For purposes of this disclosure, certain aspects, advantages, and novel features are described herein. Not necessarily all such advantages may be achieved in accordance with any particular embodiment. Thus, for example, those skilled in the art will recognize that the disclosure may be embodied or carried out in a manner that achieves one advantage or a group of advantages as taught herein without necessarily achieving other advantages as may be taught or suggested herein.

Conditional language, such as “can,” “could,” “might,” or “may,” unless specifically stated otherwise, or otherwise understood within the context as used, is generally intended to convey that certain embodiments include, while other embodiments do not include, certain features, elements, and/or steps. Thus, such conditional language is not generally intended to imply that features, elements, and/or steps are in any way required for one or more embodiments or that one or more embodiments necessarily include logic for deciding, with or without user input or prompting, whether these features, elements, and/or steps are included or are to be performed in any particular embodiment.
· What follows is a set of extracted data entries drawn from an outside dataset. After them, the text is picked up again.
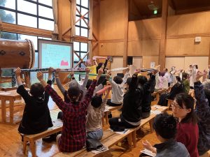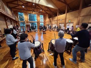 鼓童文化財団による和太鼓フィットネス「エクサドン」では、子どもから大人まで太鼓の音を重ね合い、参加者の皆様に自然と笑顔が溢れ大盛況となりました。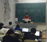 在校团委和学生处的统一部署下,10月23日计算机学院正式启动“悦读时间”活动,将每周一的晚自习时间作为“悦读时间”的分享会,以班级为单位,每个班级分成5个小组,同学们在小组中进行一周以来的阅读精品书籍的分享活动,分享后小组推选出一名同学在班级进行分享自己的读书体验和小组的分享成果。经过一个星期的动员和准备工作,10月30日晚在学生们的晚自习教室,“悦读时间”正式开始。
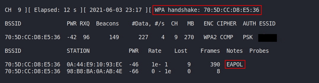 μ±κ³΅μ μΌλ‘ 4-way Handshake κ³Όμ μ μΊ‘μ²νκ² λλ€λ©΄ "EAPOL"μ΄λ μλ¨μ "WPA handshake: BSSID" λ¬Έκ΅¬κ° λνλ©λλ€.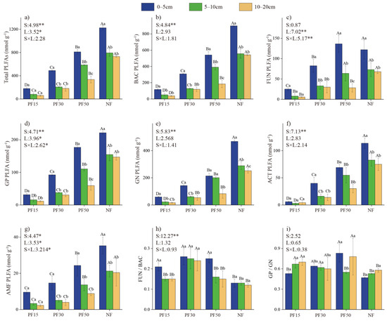 Microbial phospholipid fatty acid (PLFA) abundances and community structure under four stand types: (a) total PLFAs, total concentration of PLFAs; (b) BAC PLFA, bacterial PLFA; (c) FUN PLFA, fungal PLFA; (d) GP PLFA, gram-positive PLFA; (e) GN PLFA, gram-positive PLFA; (f) ACT PLFA, actinomycetal PLFA; (g) AMF PLFA, arbuscular mycorrhizal fungal PLFA; (h) FUN/BAC, the ratio of fungal PLFA to bacterial PLFA, and (i) GP/GN, the ratio of gram-positive PLFA to gram-negative PLFA. Error bars indicate the standard error of the mean (n = 3). Distinct superscript upper- and lowercase letters indicate significant differences among stand types at the same soil depth, as well as among three soil depths for the same stand type, respectively. PF15, PF30, PF50 and NF stand for 15-, 30-, 50-year-old P. crassifolia plantation forests and natural forest, respectively. S, L, and S × L indicate the F-values for the effects of stand type (S), soil depth (L), and their interaction (S × L) based on two-way ANOVA. ** p < 0.01; * p < 0.05.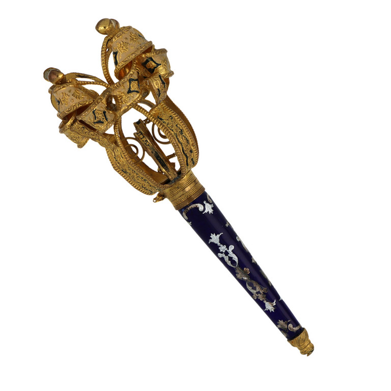 Porta buquet in metallo dorato con smalti blu e inserti in argento nel manico lunghezza cm 12 5.

Conjunctive language such as the phrase “at least one of X, Y, and Z,” unless specifically stated otherwise, is otherwise understood with the context as used in general to convey that an item, term, etc. may be either X, Y, or Z. Thus, such conjunctive language is not generally intended to imply that certain embodiments require the presence of at least one of X, at least one of Y, and at least one of Z.
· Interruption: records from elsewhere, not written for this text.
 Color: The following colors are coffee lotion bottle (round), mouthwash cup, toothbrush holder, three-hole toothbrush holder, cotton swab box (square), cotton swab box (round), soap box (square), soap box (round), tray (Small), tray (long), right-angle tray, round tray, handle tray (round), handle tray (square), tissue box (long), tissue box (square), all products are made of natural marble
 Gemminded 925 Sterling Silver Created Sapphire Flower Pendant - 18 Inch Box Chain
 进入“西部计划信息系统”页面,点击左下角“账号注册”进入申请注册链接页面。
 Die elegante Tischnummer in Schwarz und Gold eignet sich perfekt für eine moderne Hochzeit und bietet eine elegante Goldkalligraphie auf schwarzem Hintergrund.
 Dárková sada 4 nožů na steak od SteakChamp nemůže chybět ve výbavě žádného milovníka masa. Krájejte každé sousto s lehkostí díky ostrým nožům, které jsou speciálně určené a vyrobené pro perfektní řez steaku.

Language of degree used herein, such as the terms “approximately,” “about,” “generally,” and “substantially” as used herein represent a value, amount, or characteristic close to the stated value, amount, or characteristic that still performs a desired function or achieves a desired result.
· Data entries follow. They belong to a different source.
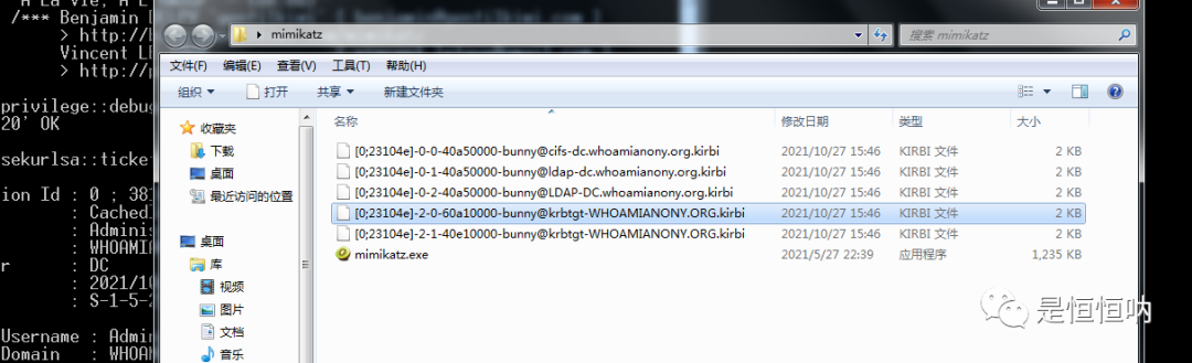 1.使用mimikatz,可以将内存中的票据导出。命令如下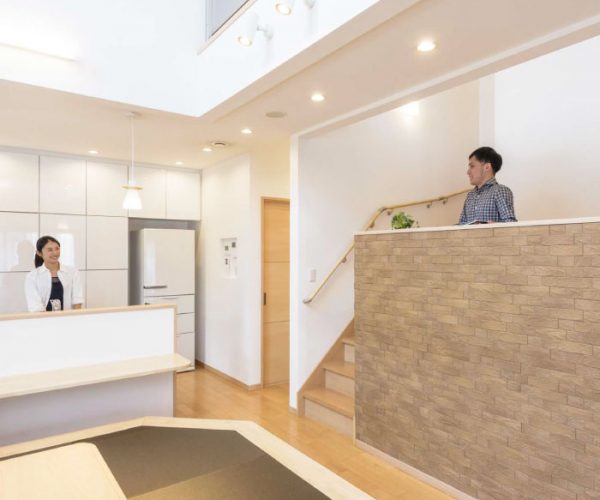 居心地リビング:一段リビングを下げ、中庭の自然を近くに感じられるリビング。 ソファにお掛けいただくとまるで高級旅館のような居心地の良さを感じていただけます。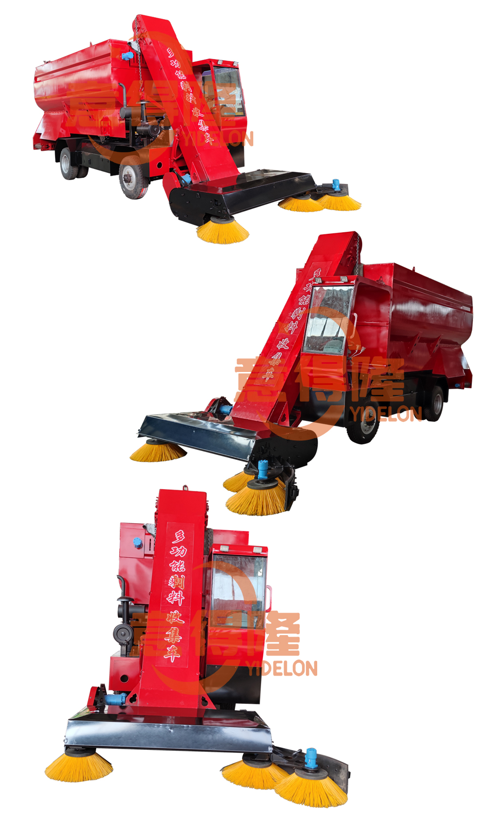 2、采用自動(dòng)液壓控制系統(tǒng),前方的刮板,滾刷能夠徹底的把剩料收集到車箱。

The scope of the present disclosure is not intended to be limited by the specific disclosures of embodiments in this section or elsewhere in this specification, and may be defined by claims as presented in this section or elsewhere in this specification or as presented in the future. The language of the claims is to be interpreted broadly based on the language employed in the claims and not limited to the examples described in the present specification or during the prosecution of the application, which examples are to be construed as non-exclusive.

While certain embodiments have been described, these embodiments have been presented by way of example only, and are not intended to limit the scope of the disclosure. Indeed, the novel methods and systems described herein may be embodied in a variety of other forms. Furthermore, various omissions, substitutions and changes in the systems and methods described herein may be made without departing from the spirit of the disclosure. The accompanying claims and their equivalents are intended to cover such forms or modifications as would fall within the scope and spirit of the disclosure. Accordingly, the scope of the present inventions is defined only by reference to the appended claims.